NLRX1 exerts its anti-inflammatory activity by inhibiting expression of NFκB. We observed that NLRX1 expression correlated directly with expression of NFKBIA (P = 1.2 × 10−3), the inhibitor of NFκB, and correlated inversely with expression of NFKB1 (P = 1.7 × 10−7; Figure 4C, Supplementary Figure S6C-D).

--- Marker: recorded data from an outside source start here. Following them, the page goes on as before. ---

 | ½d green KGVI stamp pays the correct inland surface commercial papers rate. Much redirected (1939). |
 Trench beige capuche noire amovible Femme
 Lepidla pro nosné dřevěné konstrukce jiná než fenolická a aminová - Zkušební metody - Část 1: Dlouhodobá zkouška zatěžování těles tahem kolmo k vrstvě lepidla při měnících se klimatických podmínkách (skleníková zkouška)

These data suggest that the initial host response to virus, both at the local site of inoculation and at sites of early distal virus spread, was characterized by a potent proinflammatory response and a negative feedback loop highlighted by the induction of NLRX1, which may have suppressed expression of antiviral restriction factors and thereby facilitated viral replication.

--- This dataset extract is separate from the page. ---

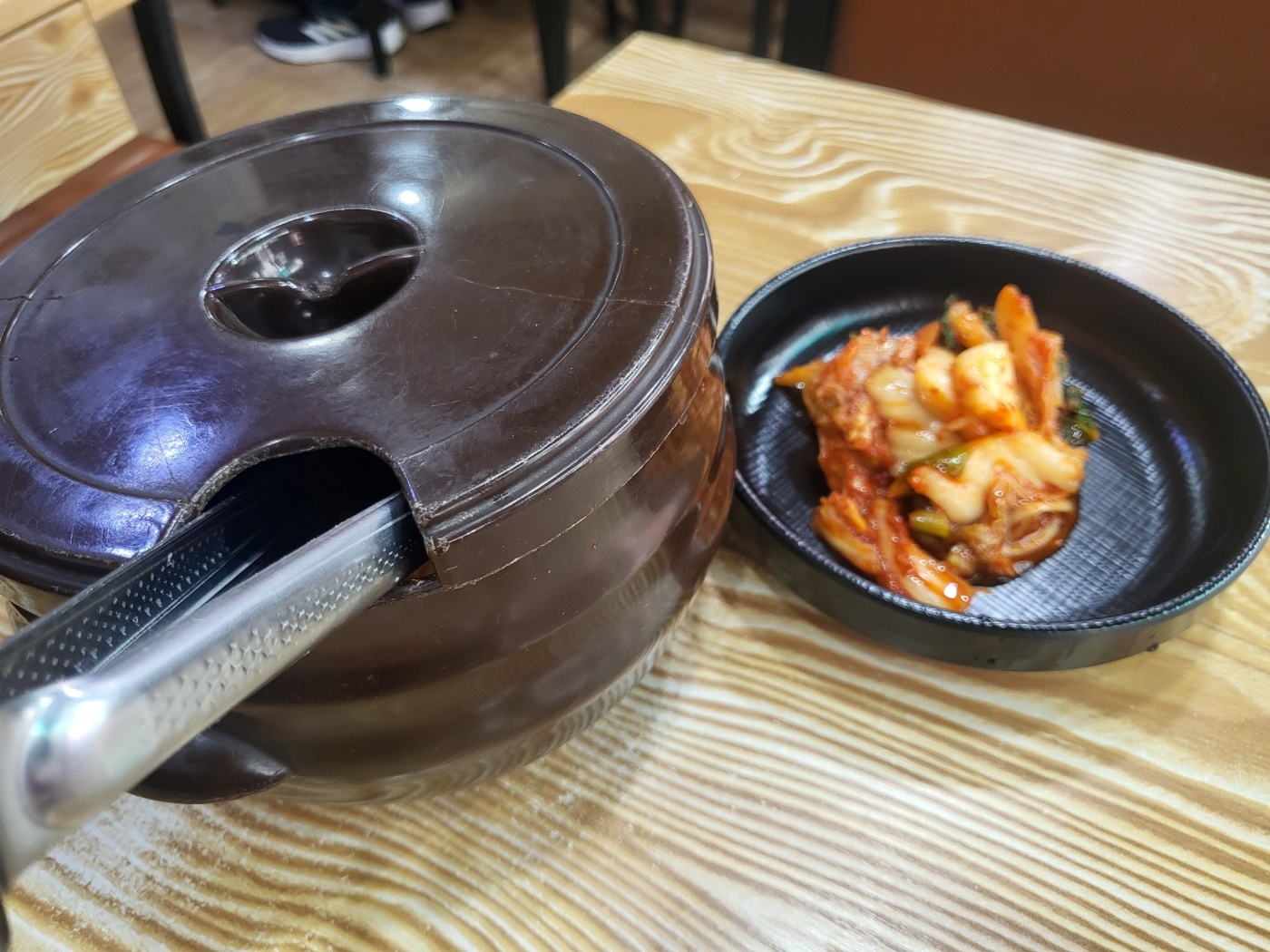 테이블에는 집게가 꽂혀 있는 김치 항아리와

Early Transcriptomic Changes Are Observed in NK Cells, Monocytes, and T Cells

Gene set enrichment analysis (GSEA) using Nakaya modules (Nakaya et al., 2011; Subramanian et al., 2005) was performed to assess the contribution of various cell subsets within the analyzed mixed cell populations in each tissue to the observed early transcriptomic changes. Interestingly, NK cell-specific genes were upregulated in all analyzed tissues on day 1 and day 3 following SIVmac251 inoculation (Figure 6A) and included NLRX1, KIR2DL4, and KIR2DL3 (Figure 6B), suggesting that NK cells contributed substantially to the early innate response to the virus. We defined a common NK-specific gene expression signature that was upregulated in all tissues on days 1 and 3 (Supplementary Figure S7A-B). Monocyte-specific genes (CD14, CD83, FCER1G, CSF3R) were also upregulated in the female reproductive tract, and T cell-specific genes (MAF, CD6, CCR7) were upregulated in lymph nodes at these early timepoints (Figure 6A-B). Moreover, we observed a significant correlation between expression of these genes in NK cells, monocytes, and T cells and viral RNA levels in tissues (Figure 6C-E). These results suggest that SIVmac251 infection triggered proinflammatory transcriptomic profiles, particularly in these cell subsets, which likely facilitated virus replication.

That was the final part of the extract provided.